Картофелины. Несколько картофелин в хлипком пакетике. Выложить картошку в раковину, отправить грязный пакет в мусорку, включить воду, повозившись с кранами, пока не будет соответствующей температуры и напора. Мыть картошку, размышляя над чем-то, что надо сделать, над чем-то нужным, но не важным. В том же духе чистить... поменять воду и оставить до прихода родителей. А когда зазвенит звонок, побежать открывать дверь, встать на тумбочку и смотреть оттуда, спрашивать, сбегать на кухню включить картошку, обнаружить, что заварить чай я забыла...
Странно, меня что-то останавливает от всех этих простых действий. Плитка греет еле-еле. Соль какая-то странная - в одном доме мелкая и странно пахнет, в другом крупная, будто это вообще какая-то другая соль. В общем, не будет такой картошки. Поэтому ну её, картошку, я съем какой-нибудь йогурт, почитаю почту и пойду спать.
Кажется, что когда всё-таки будет нормальная плита, жизнь изменится довольно сильно.
Интересно, это такой самообман или правда?
Ничего ведь не изменится, мне по-прежнему будет всё равно.
Уже давно не хочется есть. Ну, вся еда такая, будто... в общем, просто чтобы поесть. А когда-то это было другое, совсем другое.
Не боясь окрестных торжеств и смут, Но не в силах на них смотреть, Ничего я больше не делал тут И, должно быть, не буду впредь.

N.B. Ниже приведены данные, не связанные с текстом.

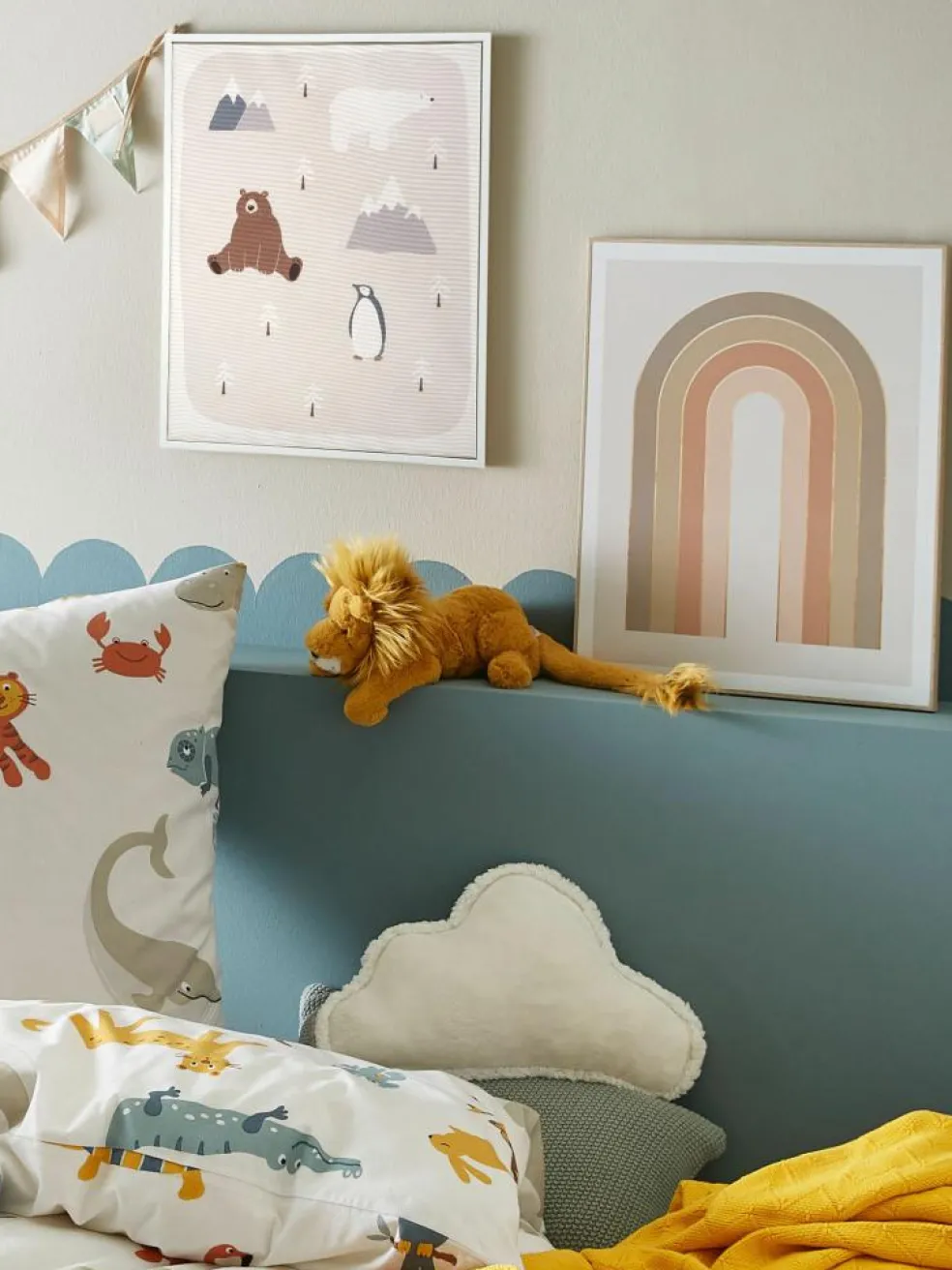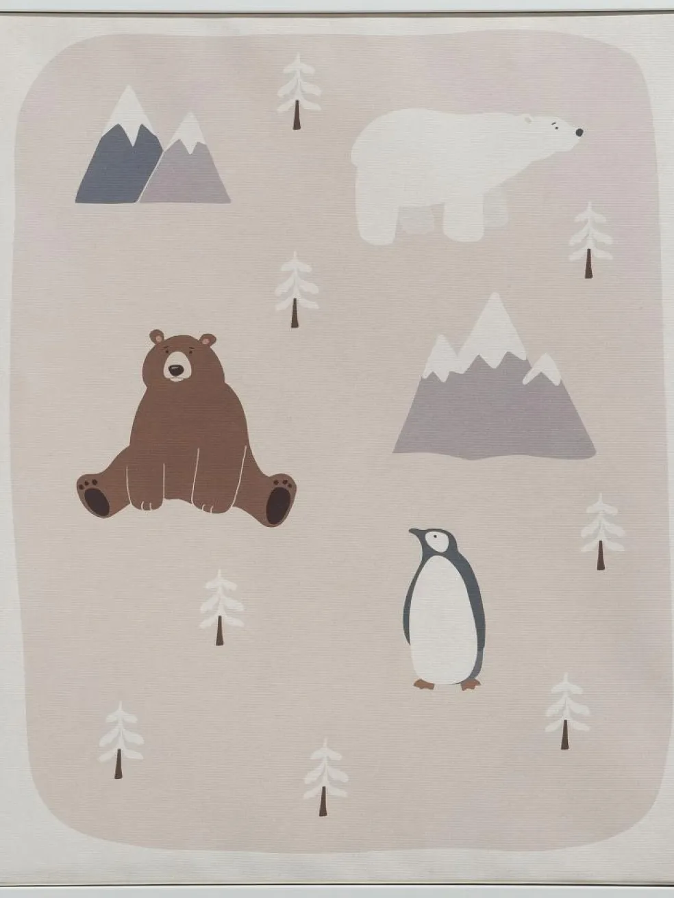 Winterbild in zurückhaltenden Farben für das Kinderzimmer. Fertig gerahmt in einem ca. 3 cm starken MDF-Rahmen. Mit Aufhängung versehen.
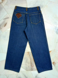 Incredible jeans from iconic French luxury fashion house Yves Saint Lauren (YSL) from the 80's - 90's period. This unique piece featuring full leather, watch pockets both left and right, belt loop and big logos on the back pocket. Copper rivet similar like vintage Wrangler from the 60's era. One kind of Holy Grail by Saint Laurent today respectively. Please see the picture for more details! π₯ππ Waist: 15.5" (31") inches/ 39.5cm Front Rise: 12.5" inches/ 31.5cm Outseam: 38.2" inches/ 97cm Inseam: 27" inches/ 68.5cm Thigh: 12.5" (25") inches/ 32cm Knee: 11" inches/ 28cm Leg Opening: 8.7" (17.4") inches/ 22cm Size : 48 fixed to 31 inches waist Condition : Excellent vintage condition

Когда снег заметает море и скрип сосны оставляет в воздухе след глубже, чем санный полоз, до какой синевы могут дойти глаза? до какой тишины может упасть беззвучный голос? Пропадая без вести из виду, мир вовне сводит счеты с лицом, как с заложником мамелюка. ...так моллюск фосфоресцирует на океанском дне, так молчанье в себя вбирает всю скорость звука, так довольно спички, чтобы разжечь плиту, так стенные часы, сердцебиенью вторя, остановившись по эту, продолжают идти по ту сторону моря.